Меня учили думать терпеливо и медленно. Теперь я понимаю, что процесс был мучительным. Как легко мне было возвращаться к жестким схемам и заданному алгоритму, как привычно пользоваться правилами, которые заботливо приготовили для тебя и которые кажутся тебе собственными, лучшими и единственными на свете.
Мышление вообще чуждо для природы, как я поняла позже. Мышление, то есть осознание себя, — нелепая случайность в процессе эволюции. Из миллионов и миллионов живых существ случайная, абсолютно маловероятная комбинация мутаций заставила думать лишь человека. И он всегда инстинктивно пугался мысли. Он не хотел думать. Он с радостью пользовался стереотипами, предрассудками, чужими полуфабрикатами — чем угодно, но только не своими мозгами.
Я поняла это, потому что и мне не хотелось интеллектуальности. Слова «не хотелось» я употребляю только сейчас. Тогда я их не знала. Я знала лишь, что думать по жесткой программе проще и удобнее, чем оказаться одной в безбрежном мире фактов.
Но кто-то с ангельским терпением и тщанием фанатика все подталкивал меня вперед и вперед, отнимая то один, то другой алгоритм. Иногда я останавливалась. Я еще не умела думать по-настоящему, и отсутствие программы начинало казаться мне пропастью, через которую мне никогда не перебраться. И тогда тот, кто вел меня, снова протягивал мне палец, помогал мне, и вот я опять делала несколько шагов, сама, без подсказки.
А потом я начала узнавать его и узнала его. У меня еще не было эмоций, я не владела понятиями «приятно» и «неприятно», но, когда я узнала его, я сразу сделала скачок. Он сказал мне, что я сразу перепрыгнула через класс.

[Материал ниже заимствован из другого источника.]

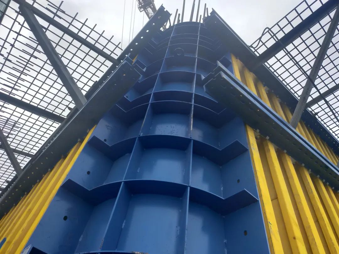 為開辟施工空間,項目自主研發(fā)了非鋼管落地支撐體系的新型全封閉液壓爬模系統(tǒng),將液壓爬模的支點從地面轉(zhuǎn)移到柱體,充分利用了既有結(jié)構(gòu),最大限度讓出施工組織空間。同時全封閉液壓爬模系統(tǒng)也在最大程度上保障了施工人員安全。
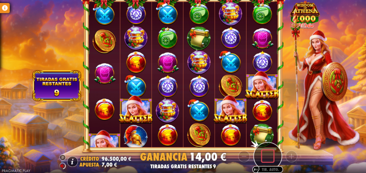 Wisdom of Athena 1,000 Xmas es uno de los mejores lanzamientos navideños que el gigante Pragmatic Play ha traído este 2025. Esta vez, el Monte Olimpo se cubre de nieve y decora sus ancestrales columnas para las fiestas decembrinas, con Atenea disfrazada de Santa y observando la partida en todo momento. Esta slot mantiene como atractivo principal la serie “1000”, lo que te permite obtener un multiplicador de ese tamaño y mejorar por muchos tus premios.
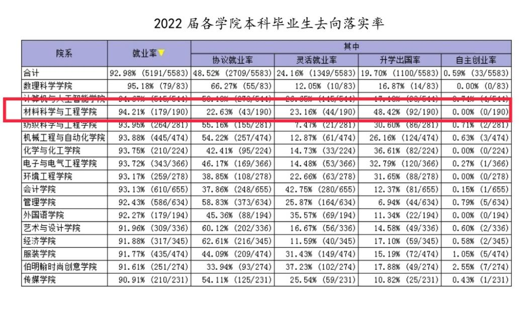 学院2022届本科生考研报考率73.1%,录取率48.5%,班级最高录取率达56.8%,考研录取率历史新高。2022届本科毕业生就业率达到94.51%。

И так, шажок за шажком, шаг за шагом, я превращалась из электронного арифмометра в думающее существо. Наконец настало время, когда я смогла читать. Учитель не успевал вставлять новые микрофильмы. Я поглощала их в невообразимых количествах, и чем больше я читала книг, тем больше у меня возникало вопросов. Поступки людей, структура общества, его устройство — все казалось мне чудовищно алогичным, нелепым, неэффективным, жестоким. Такая система не могла успешно функционировать. Учитель уже научил меня говорить — я синтезировала свой голос на основе анализа его голоса, — и я все мучила и мучила его вопросами. Он был гением в электронике и кибернетике. Он, и только он, нашел принципиально новые схемы и заставил машину думать. Именно думать, а не перебирать бездумно варианты. Но он не мог ответить и на десятую часть моих вопросов. Он пугался их. Он пытался спорить со мной, доказывая, что я не способна понять людей, ибо сама не человек и лишена эмоций, эмоций и еще чего-то, что делает человека человеком. Повторяю, он пугался моих вопросов и объяснял мне, что эти вопросы вообще не корректны, что они не существуют или существуют всегда, что практически одно и то же. Моя настойчивость лишила его того спокойствия, к которому он привык, которым он окутал себя как коконом и которое надежно изолировало его от всех сквозняков мира.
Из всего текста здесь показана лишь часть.